Using Storytelling to Sell Your Business

Much is written these days about storytelling as a way to make yourself or your business stand out, and it is a strategy that I strongly recommend. Yet recently I have witnessed ways how, as a speaker, it can backfire on you and instead of winning over your audience, can alienate the people listening to your talk. How?

As a society, women in particular, are not comfortable with "tooting our own horn" and so when someone appears to be bragging about their achievements, it is not always well received and those listening are skeptical and frankly, dismissive and annoyed by what that person has to say. This is too bad.

From my take, the speaker's intention is often much more altruistic and it is more that they are using their stories as a way to empower others to follow their example. In other words, they are sharing, not to brag about what they have achieved but more to illustrate how their actions have worked for them, and could for you too.

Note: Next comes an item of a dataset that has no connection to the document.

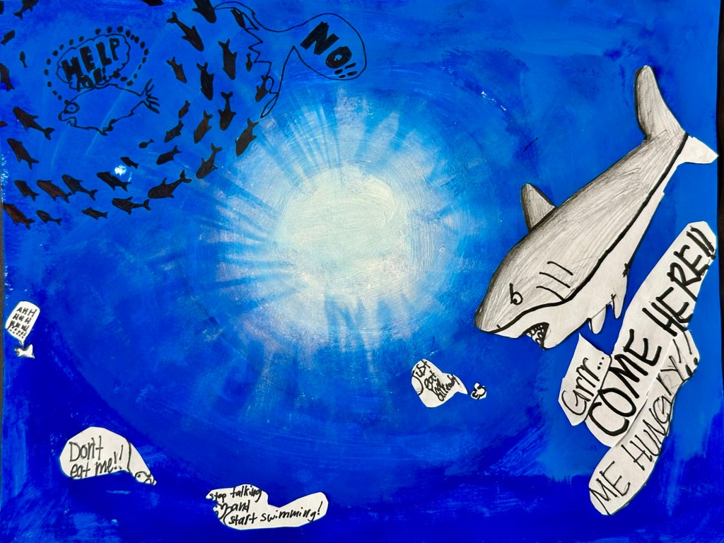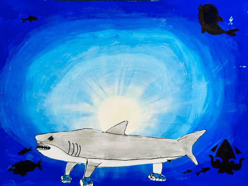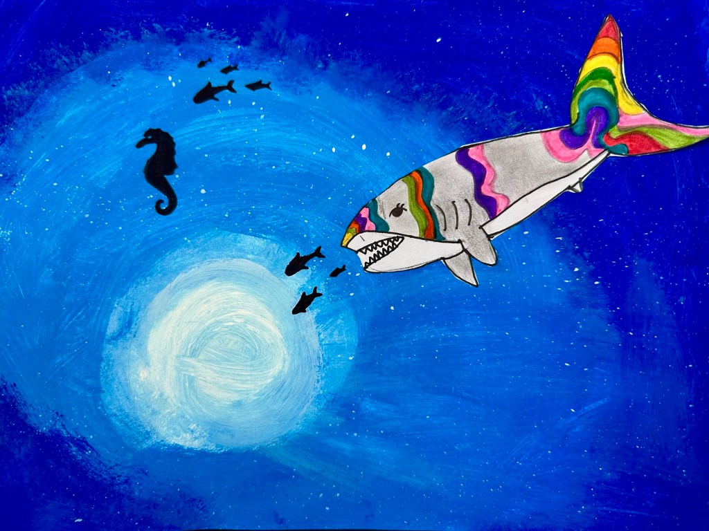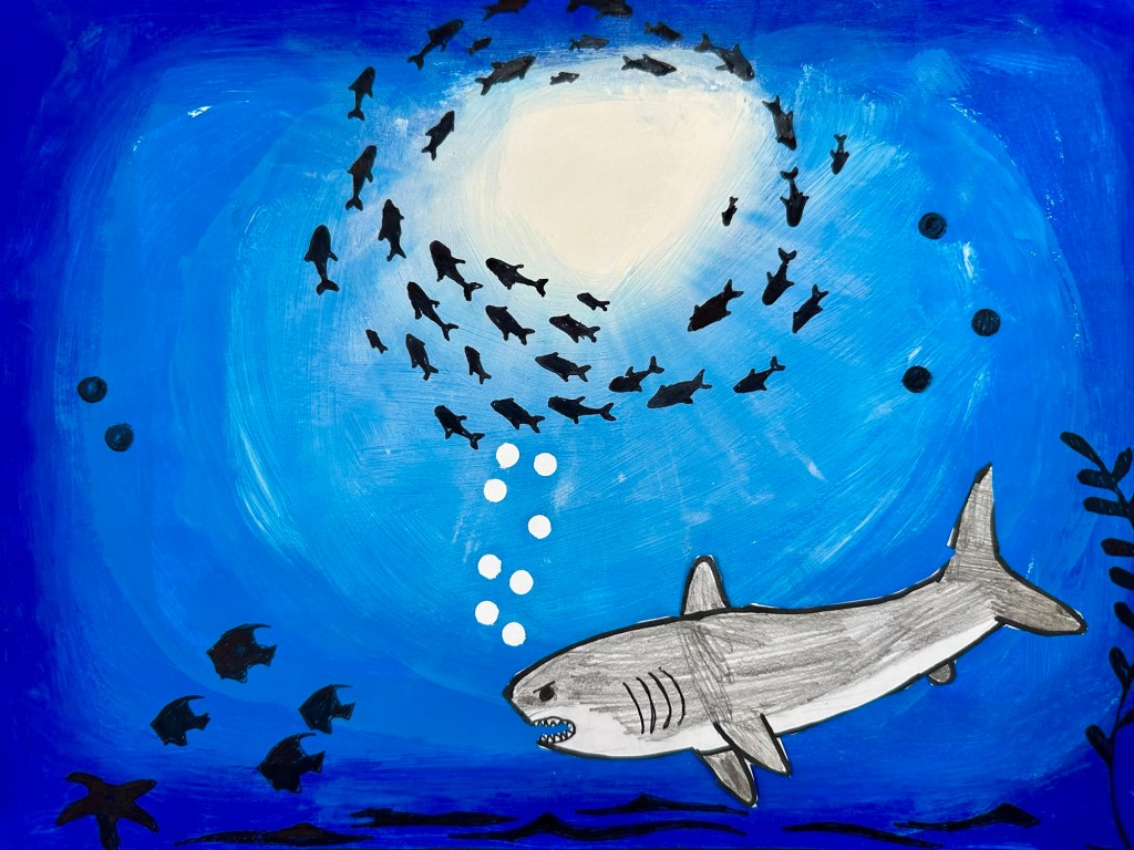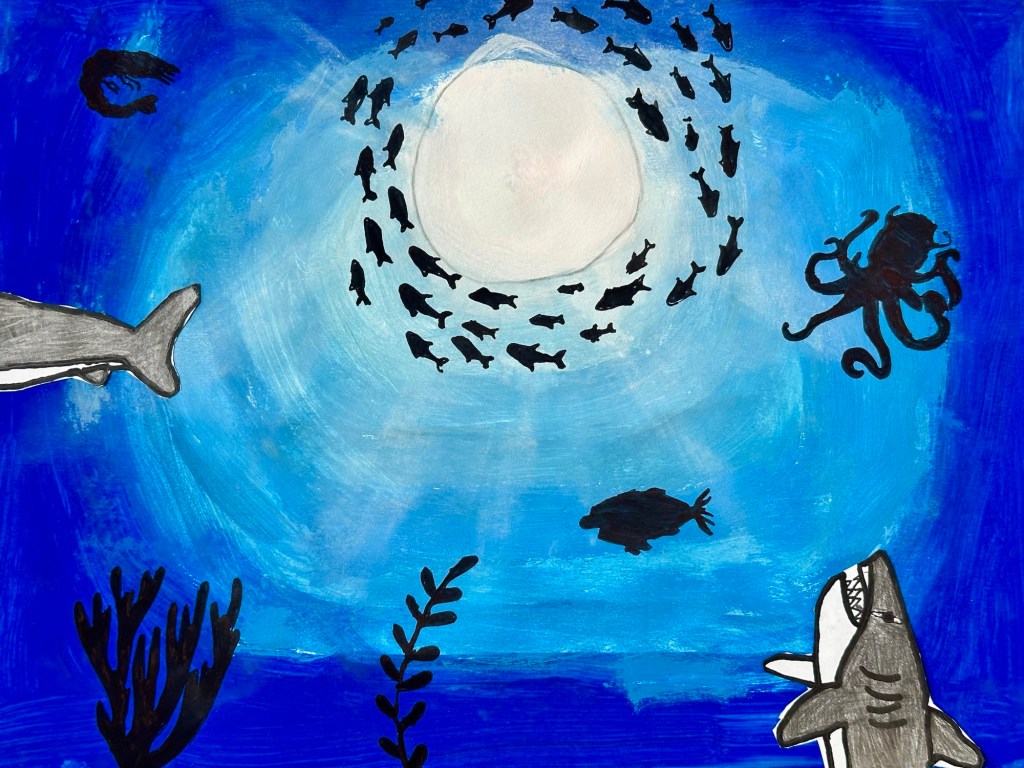 We blended our paint, draw an underwater animal with color, and added marine stenciled images as the finishing touch.

It's too bad their motives are misinterpreted, because when we take this cynical attitude, we close off our receptiveness to learn and grow. Perhaps part of it depends on the self-esteem of the individual listening, and their comfort at what they have been doing, or more to the point, not doing.

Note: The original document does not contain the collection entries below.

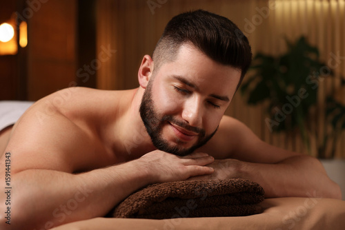 Fototapeta premium Handsome man lying on massage table in spa salon
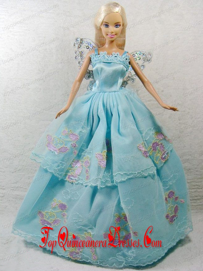 Beautiful Blue Princess Dress With Appliques Gown For Barbie Doll
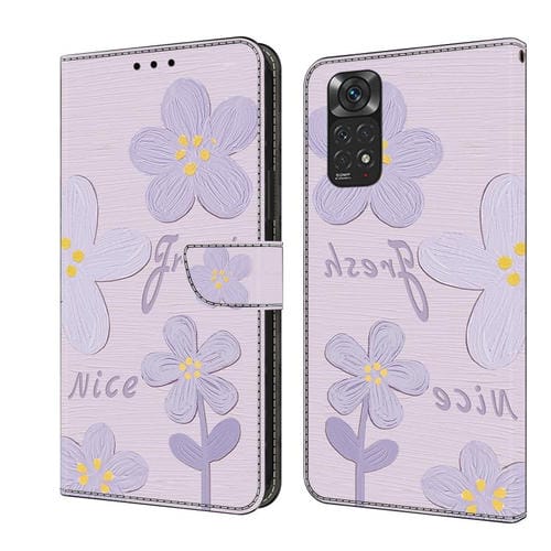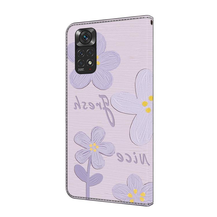Funda de Cuero Pintada a Mano para Redmi Note 11/11S (Flores de Color Morado Oscuro)
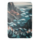 Coastal Energy: This vibrant flat vector illustration captures the dynamic beauty of a rocky beach from an overhead perspective. Dark blue and orange tones bring life to the scene as waves crash onto the shore, creating a captivating contrast. Geometric shapes add depth, while detailed textures on rocks and plants bring a natural feel to this stylized artwork. The minimalistic design emphasizes movement and energy, making it a perfect piece for those looking to add a bold and modern coastal vibe to their collection.
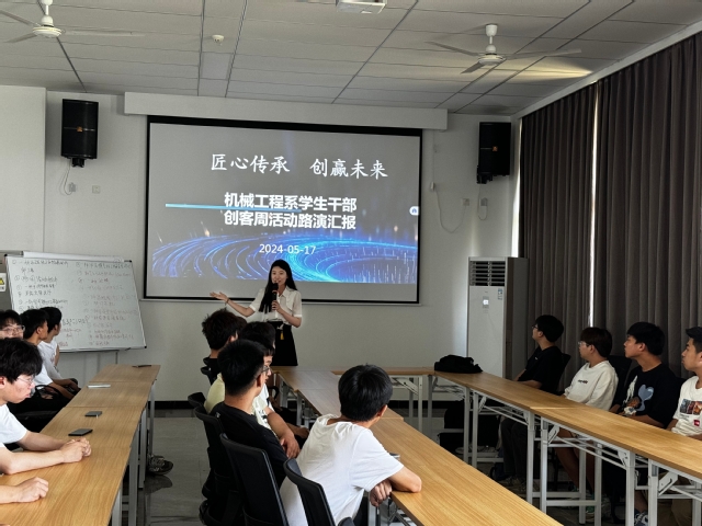 5月17日,机械工程系学生干部在笃行楼401会议室开展“匠心传承,创赢未来”创客周活动路演汇报,本次活动由系团委书记王晨歌主持。活动现场,学生干部们以团队形式制作了精美的ppt展示他们的项目。这些PPT展示不仅包含了详细的设计图和制作过程,还有对创意背后理念的深入解读。学生们的项目涵盖了从环保节能设备到智能机器人的各种创意,每一个都反映了他们对创客的深刻理解和对未来技术的洞察力。这次项目作品不仅展示了机械工程系学生干部的才华,也激励了更多的学生投身于科技创新。我们期待着看到这些年轻创客们将如何用他们的知识和创意为社会带来变革。

So how can we change this reaction? Part of it is timing. To list all that you have achieved or what you have done, may not be a helpful strategy as it does lay you open to criticism. Whereas if the illustrations are spaced out, with stories to showcase each point, followed by tips on how people can achieve the same results, then the audience may be less inclined to form a poor opinion of the speaker and be more receptive to the ideas put forward.

Part of it, I think, is when the focus is on the speaker and her achievements, without any learning opportunities intertwined with the observations, people assume, rightly or wrongly, that the speaker is somewhat self-absorbed and the talk is all about him or her.

Yet showcasing what works is such an effective way to convey best practices. I guess it is all a fine line, and perhaps, as speakers, we have to ask ourselves about our motives in giving a talk in the first place. Are we doing this to project ourselves as experts and leaders, or are we more interested in helping others learn and be their best? Likely, the answer is both, because ego always has a way of sneaking in and perhaps that is what has to be dropped from this equation.

As someone who has heard and used hundreds of speakers over the years, and is just starting out as a speaker myself, I am a keen observer on what works, and what doesn't. Of course the other piece to remember is that you can never please everyone. So often I would look at evaluation forms after an event, and question whether these people had been at the same event, as some would highly rate the speaker, while others felt she shouldn't give up her day job.

At the end of the day, I believe as a speaker you need to know your audience, learn what will work for them, and then deliver. Forget about yourself and focus your energies on helping your audience learn, grow and yes, laugh, from what you have to say. When that happens, it is pure joy and you've done your job well.